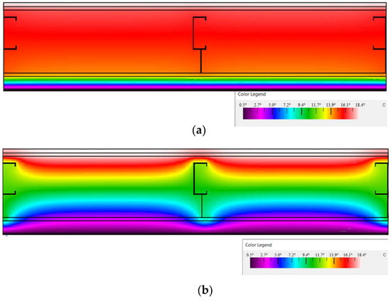 According to ISO 10211 [], temperature values derived from the validated method (i.e., THERM 7.8 [] in this study) should exhibit a difference of no more than 0.1 °C from ISO solutions. Table 3 compares the temperature solutions obtained from THERM 7.8 [] and given in ISO 10211 []. The comparison results demonstrate that the THERM software [] achieved the closest agreement with ISO temperature solutions, with a difference of less than 0.1 °C. Furthermore, the heat flow rate obtained from the model was 9.538 W/m, which closely aligned with the ISO 10211 [] recommendation of 9.5 W/m.
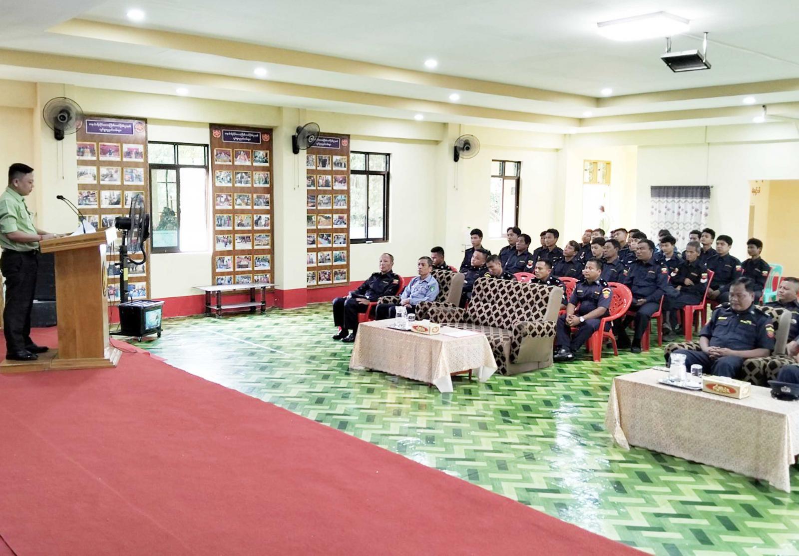 အခမ်းအနားတွင် မြို့နယ်စီမံခန့်ခွဲရေးနှင့်အုပ်ချုပ်ရေးကော်မတီဥက္က ကိုယ်စား ဒုတိယမြို့နယ်အုပ်ချုပ်ရေးမှူး ဦးစောအောင်မွန်က မီးသတ်တပ်ဖွဲ့၏ ရည်ရွယ်ချက်အောင်မြင်ရန်အတွက် ချမှတ်ပေးထားသော ရည်မှန်းချက်တာဝန် (၄) ရပ်ဖြစ်သည့် မီးဘေးလုံခြုံရေး၊ သဘာဝဘေး အန္တရာယ်ကာကွယ်ရေ၊ ရှာဖွေကယ်ဆယ်ရေး၊ ပြည်သူ့အကျိုးပြု ဆောင်ရွက်ရေးလုပ်ငန်းများကို ဦးစားပေးဆောင်ရွက်ရမည်ဖြစ်ကြောင်း၊ မီးသတ်တပ်ဖွဲ့ဝင်များအနေဖြင့် မီးငြှိမ်းသတ်ရေးနှင့် ရှာဖွေကယ်ဆယ်ရေးတစ်ပြိုင်တည်းဆောင်ရွက်ရသည့်အတွက် မီးငြှိမ်းသတ်ရေးလုပ်ငန်းအပြင် ရှာဖွေကယ်ဆယ်ရေးလုပ်ငန်းများကိုလည်း ကျွမ်းကျင်တက်မြောက်စေရန် ယခုကဲ့သို့သင်တန်းများ ဖွင့်လှစ်သင်ကြားပေးခြင်းဖြစ်ကြောင်းပြောကြားသည်။
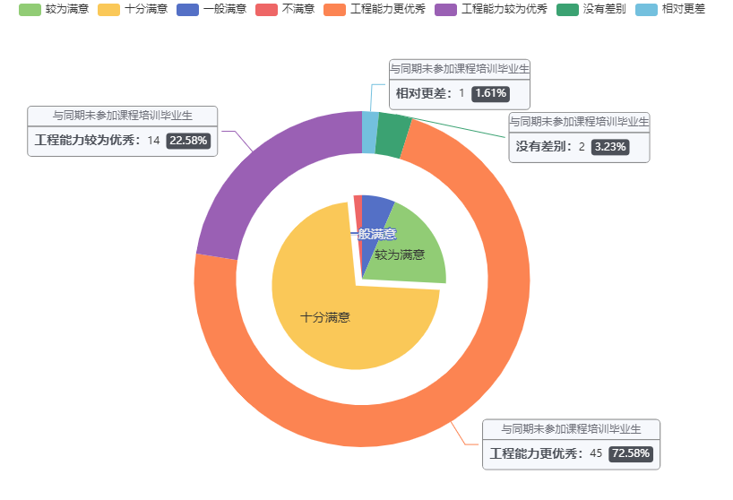 针对62名毕业进入互联网单位就业工作的学生,北京理工大学计算机学院进行了为期两年的跟踪调研,与相应就业单位联系并进行问卷调研,如图7所示。结果显示:72.58%的单位对参与课程毕业生表示满意,19.35%的单位表示较为满意,其中95.16%的用人单位认为参与过课程培训毕业生比同期北理工未参加课程毕业生工程能力优秀、更符合企业人才招聘需求。
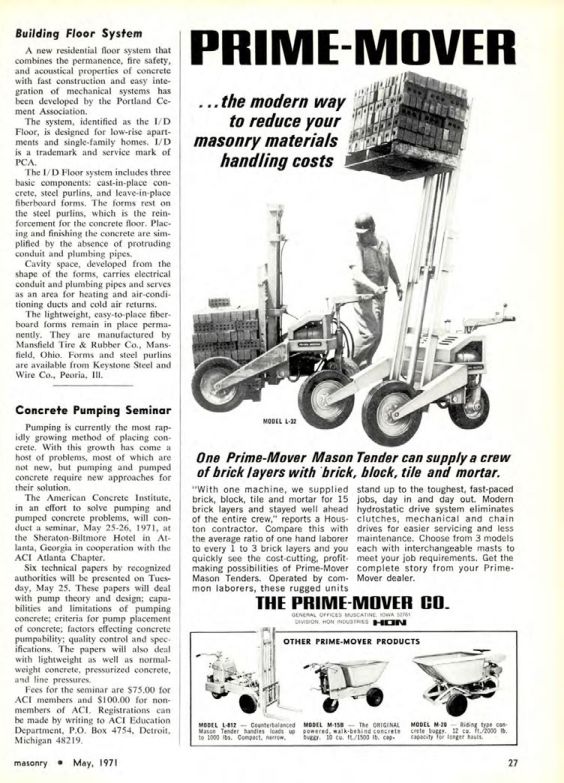 "With one machine, we supplied brick, block, tile and mortar for 15 brick layers and stayed well ahead of the entire crew," reports a Houston contractor. Compare this with the average ratio of one hand laborer to every 1 to 3 brick layers and you quickly see the cost-cutting, profit making possibilities of Prime-Mover Mason Tenders. Operated by common laborers, these rugged units stand up to the toughest, fast-paced jobs, day in and day out. Modern hydrostatic drive system eliminates clutches, mechanical and chain drives for easier servicing and less maintenance. Choose from 3 models each with interchangeable masts to meet your job requirements. Get the complete story from your Prime-Mover dealer.
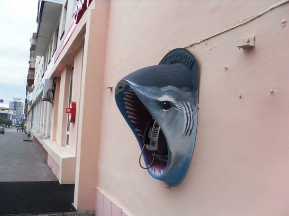 Уличный художник Александр Жунев, раскрасив таксофоны, превратил их в рыб с открытой пастью. Сначала у художника получилось три "рыбофона": окунь, зеркальный карп и акула.

○ ○ ○ ○

• _What is needed_
The task calls for repeating each line above exactly while excluding the pictures.

• _Written reply_
 According to ISO 10211 [], temperature values derived from the validated method (i.e., THERM 7.8 [] in this study) should exhibit a difference of no more than 0.1 °C from ISO solutions. Table 3 compares the temperature solutions obtained from THERM 7.8 [] and given in ISO 10211 []. The comparison results demonstrate that the THERM software [] achieved the closest agreement with ISO temperature solutions, with a difference of less than 0.1 °C. Furthermore, the heat flow rate obtained from the model was 9.538 W/m, which closely aligned with the ISO 10211 [] recommendation of 9.5 W/m.
 အခမ်းအနားတွင် မြို့နယ်စီမံခန့်ခွဲရေးနှင့်အုပ်ချုပ်ရေးကော်မတီဥက္က ကိုယ်စား ဒုတိယမြို့နယ်အုပ်ချုပ်ရေးမှူး ဦးစောအောင်မွန်က မီးသတ်တပ်ဖွဲ့၏ ရည်ရွယ်ချက်အောင်မြင်ရန်အတွက် ချမှတ်ပေးထားသော ရည်မှန်းချက်တာဝန် (၄) ရပ်ဖြစ်သည့် မီးဘေးလုံခြုံရေး၊ သဘာဝဘေး အန္တရာယ်ကာကွယ်ရေ၊ ရှာဖွေကယ်ဆယ်ရေး၊ ပြည်သူ့အကျိုးပြု ဆောင်ရွက်ရေးလုပ်ငန်းများကို ဦးစားပေးဆောင်ရွက်ရမည်ဖြစ်ကြောင်း၊ မီးသတ်တပ်ဖွဲ့ဝင်များအနေဖြင့် မီးငြှိမ်းသတ်ရေးနှင့် ရှာဖွေကယ်ဆယ်ရေးတစ်ပြိုင်တည်းဆောင်ရွက်ရသည့်အတွက် မီးငြှိမ်းသတ်ရေးလုပ်ငန်းအပြင် ရှာဖွေကယ်ဆယ်ရေးလုပ်ငန်းများကိုလည်း ကျွမ်းကျင်တက်မြောက်စေရန် ယခုကဲ့သို့သင်တန်းများ ဖွင့်လှစ်သင်ကြားပေးခြင်းဖြစ်ကြောင်းပြောကြားသည်။
 针对62名毕业进入互联网单位就业工作的学生,北京理工大学计算机学院进行了为期两年的跟踪调研,与相应就业单位联系并进行问卷调研,如图7所示。结果显示:72.58%的单位对参与课程毕业生表示满意,19.35%的单位表示较为满意,其中95.16%的用人单位认为参与过课程培训毕业生比同期北理工未参加课程毕业生工程能力优秀、更符合企业人才招聘需求。
 "With one machine, we supplied brick, block, tile and mortar for 15 brick layers and stayed well ahead of the entire crew," reports a Houston contractor. Compare this with the average ratio of one hand laborer to every 1 to 3 brick layers and you quickly see the cost-cutting, profit making possibilities of Prime-Mover Mason Tenders. Operated by common laborers, these rugged units stand up to the toughest, fast-paced jobs, day in and day out. Modern hydrostatic drive system eliminates clutches, mechanical and chain drives for easier servicing and less maintenance. Choose from 3 models each with interchangeable masts to meet your job requirements. Get the complete story from your Prime-Mover dealer.
 Уличный художник Александр Жунев, раскрасив таксофоны, превратил их в рыб с открытой пастью. Сначала у художника получилось три "рыбофона": окунь, зеркальный карп и акула.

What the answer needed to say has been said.